The Suicide Sonnets
Eddie Morales’ poetry collection, The Suicide Sonnets, is a meditation on what suicide really entails. Rather than deal with the aftermath of such a death, these poems crawl into the psyche of someone truly considering ending their life. The poems are unflinching in their account of someone’s descent into blackness. The 76 compact sonnets in the collection chronicle the emotional journey of someone traveling from one end of the mental spectrum to the other.
The sonnet form is perfect for this collection. Instead of grappling with the age-old topic of love, the poems are dark, cycling through the depths of the speaker’s despair. The rhyme scheme deftly mimics the draining repetition of depression. Morales’ end lines are full of rich word play. In fact, if you lined up the end words, the reader would still grasp the poems’ meaning and tone. For example, Morales ends the lines of “LXXI” with such words as “dispel,” “soul,” “time,” “man,” and “crime.” This poet has a firm grasp of the form, and on how to create rhymes that build another layer of metaphor.
There are sharp moments in this piece that may cause the reader’s hair to stand on end. Never are the poems too gory or voyeuristic about suicide and depression. Instead, they get right to the point. For example, Morales opens “XVII” with the following lines, “My shiny blade knows where to make the cut, / A slice across – and deeply – where it’s good.” This blunt opening shows the reader just how serious this situation is.
Morales tackles difficult subject matter, but there are times when the poems spin in circles and seem like mirrors to one another.
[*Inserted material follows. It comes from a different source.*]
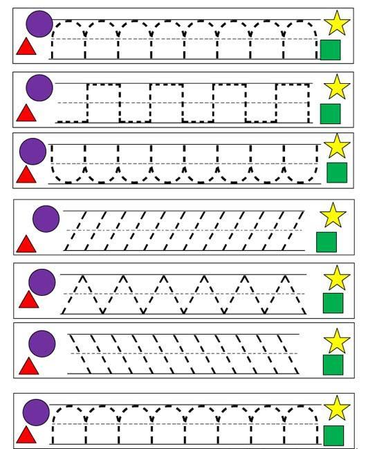 Yesterday we practised drawing different lines, today we are going to practise some more! Remember before you practise writing them with writing equipment why not have a go at making the shapes with your arms.

In fact, many of the poems sound the same. On one level, this makes sense since depression can be a near-constant murmur. On the other hand, it can slow the pace of the collection to a crawl.
The emotional effects of someone on the brink of suicide, could have used fresher images and metaphors to make the poems stand out. In “XIII,” Morales describes the heart as “made black by the soot of life!” Such moments are too loud and obvious when grappling with the complexities of suicide, depression, and a person dreaming of death. More restraint would have made for a more nuanced group of poems.
At the start of this collection, the poems’ speaker is in the messy gut of depression. By dividing the collection into three sections, Morales shows the full cycle of mental illness, and that depression does not have to be the end. Instead, after one enters hell and dwells in purgatory, a rebirth is more than possible. By the end of the book, the speaker finally realizes that “night is chased by dawn.”